Figure 4: Screenshot of Mentor Watch for XZ. Mentor Watch is still in its early stages; in the coming months it will have its own AI to drive autonomous trend foci and alerts.
The Future is Open – Open Source Software
In writing this article, we believe the most important takeaway is that we don't lose our faith in the open source software (OSS) process. It is working.
OSS is changing the world and for the better. Linux is the most used operating system in the world and at both extremes: in the cloud and at the edge (and everywhere in between). This is evidence that OSS works. However, in deeply analyzing this exploit, it appears to us that a major potential goal of XZB is to erode trust in OSS.
Yes, we should raise our guard and prepare for the next wave of socio-software exploits. Yes, this could have gone catastrophically wrong. But, this doesn’t mean we should look for scapegoats, misplace blame, or question the actual viability of OSS. If we go too far down this path, the XZB bad actors may end up winning the game they may be really trying to play: to sabotage the OSS community.
Consider for a moment the data around the exploit, the rapidity of its discovery, and the ease of which it was remedied. Perhaps this exploit was less about slowly backdooring millions or billions of systems with a fast-acting infection and more about demonstrating that even our most sacred OSS system, Linux, is vulnerable. That might be enough to cast doubt, fear, and even give rise to an anti-OSS movement in even the most ardent OSS supporters.
Andres Freund is undoubtedly a hero in this story.
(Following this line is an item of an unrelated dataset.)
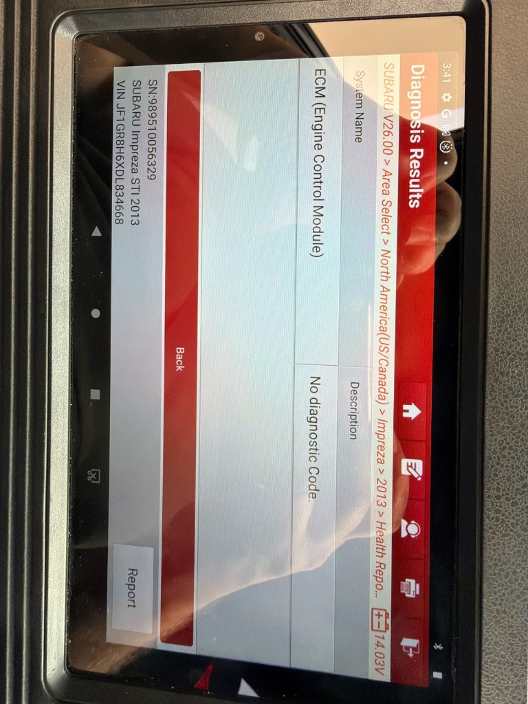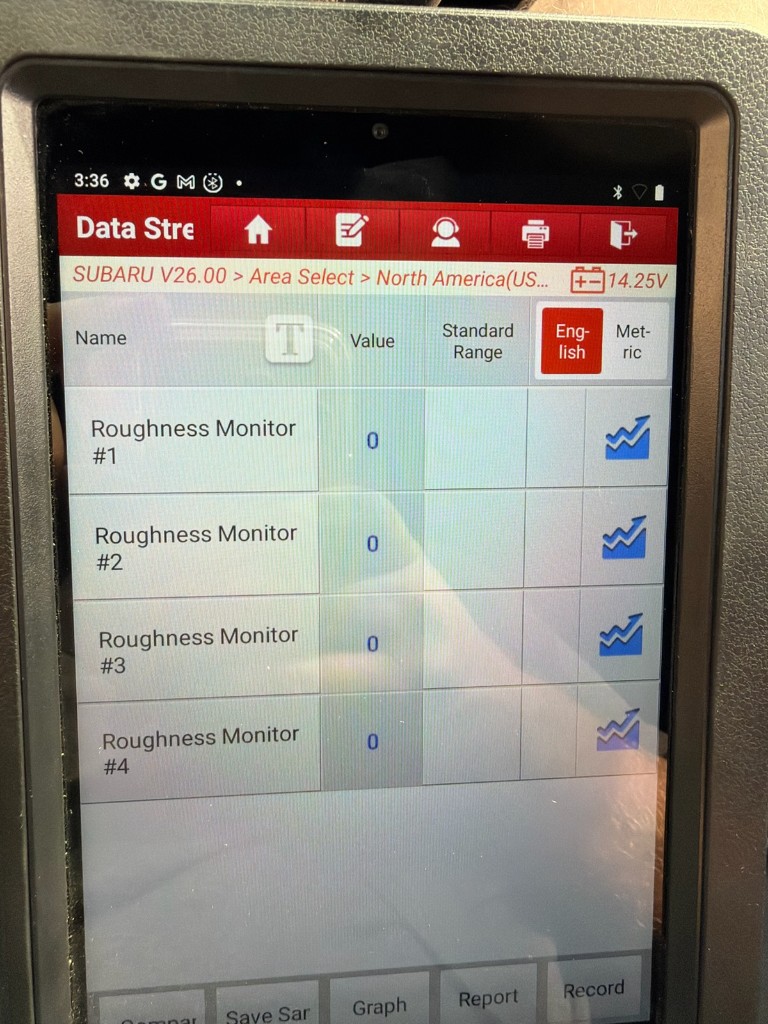 - Performed diagnostics for misfires; injector roughness monitors were all zero and no DTCs were present at this time.

However, as Andres reported, there was an obvious spike in CPU utilization and a degradation of performance in his SSH logins. Yet, the team that created the XZB hack are some of the most sophisticated and patient hackers we’ve seen. They worked in a covert fashion for over two years, patiently building trust across the OSS community. They introduced one of the most sophisticated backdoors ever seen ... yet, they couldn't infect systems without introducing a serious performance spike?
Really? They aren't aware of how to use C sleep() calls to baseline CPU utilization?
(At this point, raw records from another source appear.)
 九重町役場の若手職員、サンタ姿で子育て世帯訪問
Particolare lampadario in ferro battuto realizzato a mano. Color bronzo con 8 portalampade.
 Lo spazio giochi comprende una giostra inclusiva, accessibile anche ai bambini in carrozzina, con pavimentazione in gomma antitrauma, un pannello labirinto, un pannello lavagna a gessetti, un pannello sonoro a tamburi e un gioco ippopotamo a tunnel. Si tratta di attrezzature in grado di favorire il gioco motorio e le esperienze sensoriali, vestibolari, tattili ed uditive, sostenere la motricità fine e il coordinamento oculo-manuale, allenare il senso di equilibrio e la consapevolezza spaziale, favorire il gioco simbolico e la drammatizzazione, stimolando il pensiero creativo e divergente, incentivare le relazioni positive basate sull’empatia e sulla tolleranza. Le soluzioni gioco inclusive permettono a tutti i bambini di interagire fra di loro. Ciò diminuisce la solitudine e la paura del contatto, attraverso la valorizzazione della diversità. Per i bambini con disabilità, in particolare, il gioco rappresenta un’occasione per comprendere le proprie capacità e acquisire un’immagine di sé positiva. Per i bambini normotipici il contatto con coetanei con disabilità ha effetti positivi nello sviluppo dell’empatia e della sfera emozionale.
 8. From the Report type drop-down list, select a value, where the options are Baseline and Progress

If the goal was for XZB to infect millions or billions of machines, certainly “staying hidden” for as long as possible would be a primary goal. Yet, the computational footprint of XZB is not at all subtle. Given the sophistication of the attackers, there should have been dozens of ways to minimize the backdoor’s computational signature to help ensure it stays nearly invisible for many years. Evidence of this can be found in other exploits like Log4Shell, which is one of the reasons why it was such a massive exploit: it remained virtually undetected for almost a decade. According to reports, Log4Shell became active as an exploit in 2013, but it wasn't identified until 2021. This raises some profound questions.
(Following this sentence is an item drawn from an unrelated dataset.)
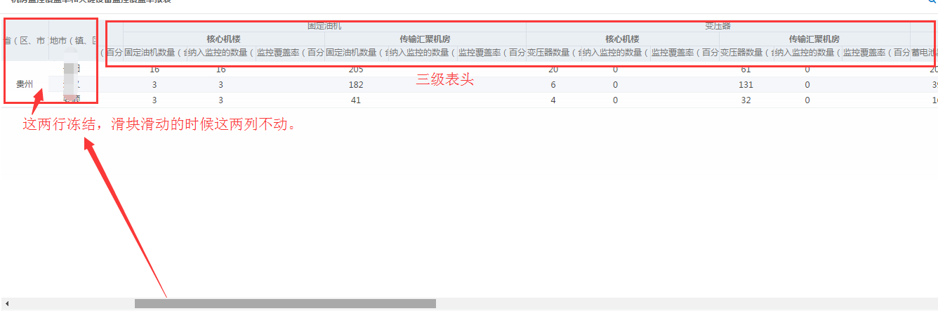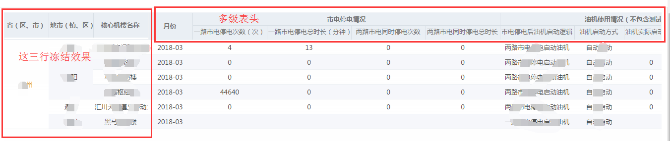 //初始化所有grid function initAllGrid(){ var colModel = [{label:'省(区、市)',name:'provice',index:'provice', width:90,align:"center",frozen:true, cellattr: function(rowId, tv, rawObject, cm, rdata) { //合并单元格 return 'id=\'provice' + rowId + "\'"; } },{label:'地市(镇、区)',name:'area_name',index:'area_name', width:90, align:"center",frozen:true, cellattr: function(rowId, tv, rawObject, cm, rdata) { //合并单元格 return 'id=\'area_name' + rowId + "\'"; } },{label:'核心机楼名称',name:'csb_name',index:'csb_name', width:110,align:"center",frozen:true },{label:'月份',name:'time_id',index:'time_id', width:90, align:"center" },//市电停电情况 {label:'一路市电停电次数(次)',name:'ac1_pf_times',index:'ac1_pf_times', width:150, align:"center" },{label:'一路市电停电总时长(分钟)',name:'ac1_pf_duration',index:'ac1_pf_duration', width:170, align:"center" },{label:'两路市电同时停电次数',name:'ac2_pf_times',index:'ac2_pf_times', width:150, align:"center" },{label:'两路市电同时停电总时长(分钟)',name:'ac2_pf_duration',index:'ac2_pf_duration', width:150, align:"center" },//油机使用情况(不包含测试) {label:'市电停电后油机启动逻辑',name:'oe_startup_logic',index:'oe_startup_logic', width:150,align:"center" },{label:'油机启动方式',name:'oe_startup',index:'oe_startup', width:100, align:"center" },{label:'油机实际启动次数(次)',name:'oe_startup_times',index:'oe_startup_times', width:110, align:"center" },{label:'油机实际启动总时长(分钟)',name:'oe_startup_duration',index:'oe_startup_duration', width:150, align:"center" },//最长时长统计 {label:'一路市电停电单次最大时长(分钟)',name:'ac1_pf_duration_per',index:'ac1_pf_duration_per', width:230, align:"center" },{label:'两路市电停电单次最大时长(分钟)',name:'ac2_pf_duration_per',index:'ac2_pf_duration_per', width:220, align:"center" },{label:'油机带载单次最大时长(分钟)',name:'oe_load_duration_per',index:'oe_load_duration_per', width:210, align:"center" },{label:'蓄电池组单次放电最大时长(分钟)',name:'bat_discharge_duration_per',index:'bat_discharge_duration_per', width:230, align:"center" },//蓄电池放电情况统计 {label:'蓄电池组放电次数(组.次)',name:'bat_discharge_times',index:'bat_discharge_times', width:190, align:"center" },{label:'蓄电池组放电总时长(组.分钟)',name:'bat_discharge_duration',index:'bat_discharge_duration', width:190, align:"center" }, {label:'交流系统可用度',name:'acs_avail',index:'acs_avail', width:100, align:"center" },{label:'直流系统可用度',name:'dcs_avail',index:'dcs_avail', width:100, align:"center" }]; _initGrid('con_grid_div_grid',colModel,470,15); } //初始化grid的方法 function _initGrid(gridType,colModel,height,rownum){// var me = this; $("#"+gridType).jqGrid({ height: height, rowNum : rownum, scrollOffset :0, datatype: "local", colModel:colModel, autowidth : false, shrinkToFit : false, autoScroll: true, pager: "#"+gridType+"Pager", gridComplete: function() { //②在gridComplete调用合并方法 var gridName = gridType; Merger(gridName, 'provice'); Merger(gridName, 'area_name'); } }); //公共调用方法 function Merger(gridName, CellName) { //得到显示到界面的id集合 var mya = $("#" + gridName + "").getDataIDs(); //当前显示多少条 var length = mya.length; for (var i = 0; i < length; i++) { //从上到下获取一条信息 var before = $("#" + gridName + "").jqGrid('getRowData', mya[i]); //定义合并行数 var rowSpanTaxCount = 1; for (j = i + 1; j <= length; j++) { //和上边的信息对比 如果值一样就合并行数+1 然后设置rowspan 让当前单元格隐藏 var end = $("#" + gridName + "").jqGrid('getRowData', mya[j]); if (before[CellName] == end[CellName]) { rowSpanTaxCount++; $("#" + gridName + "").setCell(mya[j], CellName, '', { display: 'none' }); } else { rowSpanTaxCount = 1; break; } $("#" + CellName + "" + mya[i] + "").attr("rowspan", rowSpanTaxCount); } } } $("#"+gridType).jqGrid('setGroupHeaders',{ useColSpanStyle: true, groupHeaders:[ {startColumnName : 'ac1_pf_times',numberOfColumns : 4,titleText : '市电停电情况'}, {startColumnName : 'oe_startup_logic',numberOfColumns : 4,titleText : '油机使用情况(不包含测试)'}, {startColumnName : 'ac1_pf_duration_per',numberOfColumns : 4,titleText : '最长时长统计'}, {startColumnName : 'bat_discharge_times',numberOfColumns : 2,titleText : '蓄电池放电情况统计'} ] }); $("#"+gridType).jqGrid('setFrozenColumns');//滑动时此列冻结设置 }

Whatever the answer to those questions are, it’s our strong conviction that we cannot let these bad actors sway our faith and trust in OSS. The OSS community is and will continue to be built on trust. Trust in other humans. Trust in our process. Trust that whatever hurdles we experience we can overcome so long as we continue to work together as a community. We have overwhelming evidence that OSS works and works well. Is it perfect? Of course not; very little in this world is. But, is it better than the alternative where there is no open source community?
100%, yes.
Open source is dead; long-live open source!